Touchstone Diabetes Center

Our goal in the Touchstone Diabetes Center is to study the cells and tissues that are affected by diabetes or its co-morbidities to improve diagnosis, treatment, and prevention of the major types of diabetes. Highly integrated efforts of several research groups contribute towards a multipronged approach aimed towards a better understanding of the cellular and systemic physiological responses to metabolic dysregulation. We work very closely with our colleagues in the Division of Hypothalamic Research, the Center for Human Nutrition and the Simmons Cancer Center.  The goal is to elucidate the key molecular pathways that lead to the development of Type I and Type II diabetes.  The strength of the Center relies on the ability to study these pathways at the cellular level, to translate these findings into genetic models in rodents and the ability to rapidly implement the results into clinical trials.

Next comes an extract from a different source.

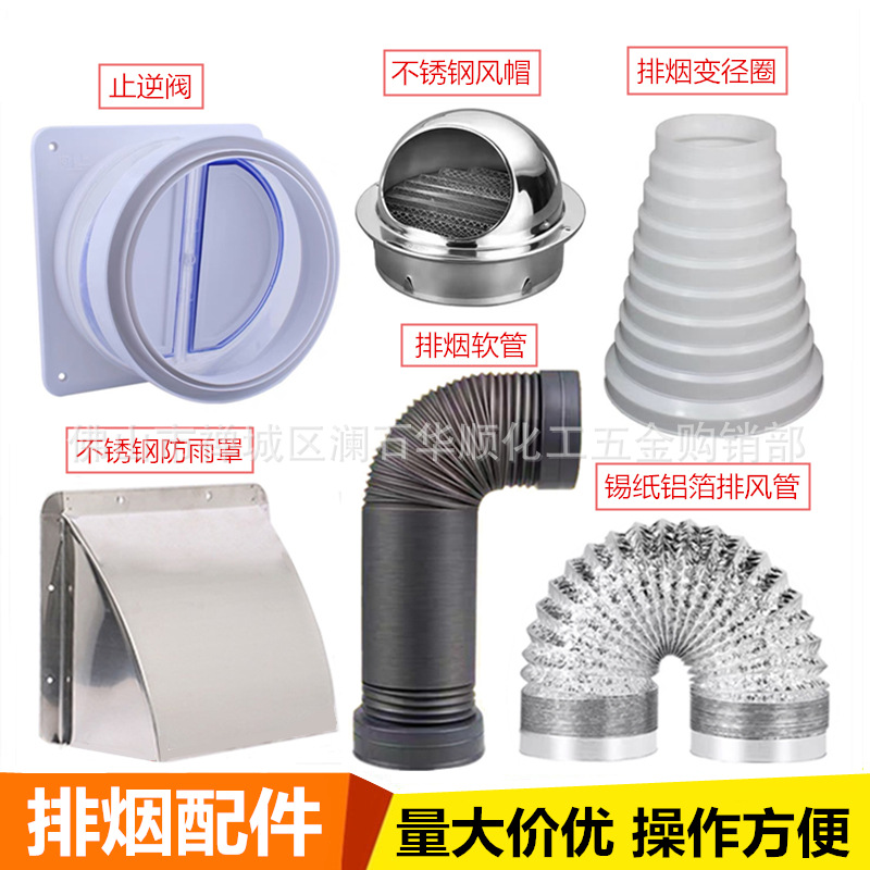 304ステンレス風帽油煙機プラスチック排煙管変径リングアルミ箔通風管厨房煙道逆止弁

In the area of Type I diabetes, we are working on several preclinical models of b cell destruction.  In this type of diabetes, b cells in the pancreas -- which usually produce insulin -- are destroyed by the body’s own defense system.  We have developed valuable models of this disease.  Some of these models allow us to closely monitor the regeneration process, during which we can interfere pharmacologically as well as genetically to optimize conditions for maximal b cell recovery. Another critical cell type in islets, the a cell, is an important contributor towards hyperglycemia in the diabetic state due to unopposed secretion of glucagon in the absence of insulin. We want to better understand the role of glucagon in the diabetic state and determine whether there is room for a pharmacological intervention of glucagon signaling. Behavioral strategies to improve glycemic control in adolescent patients with Type 1 diabetes is also an area of local strength 

In the area of Type II diabetes, our main focus is on adipose tissue and its precursor cells. Type II diabetes is a metabolic disorder characterized by insulin resistance, relative insulin deficiency, hyperglycemia, dyslipidemia and is often associated with obesity.  Because of these factors, adipocyte physiology and the study of adipocyte-derived hormones and their impact on systemic insulin sensitivity comprise a key theme in our research efforts. Why does an increase in fat mass lead to increased risks for the development of diabetes, cardiovascular disease and cancer? How does the sexually dimorphic fat distribution (“male pattern” obesity vs. “female pattern” obesity) relate to differential susceptibility to disease? What constitutes a healthy fat pad? What are the critical lipids that mediate insulin resistance and inflammation? In this context, we focus on sphingolipids which include ceramide and sphingosine derivatives and explore their role in metabolic homeostasis. In this context, we also study non-adipocyte cells within adipose tissue and their relationship to insulin resistance and systemic inflammation in both rodent and human models.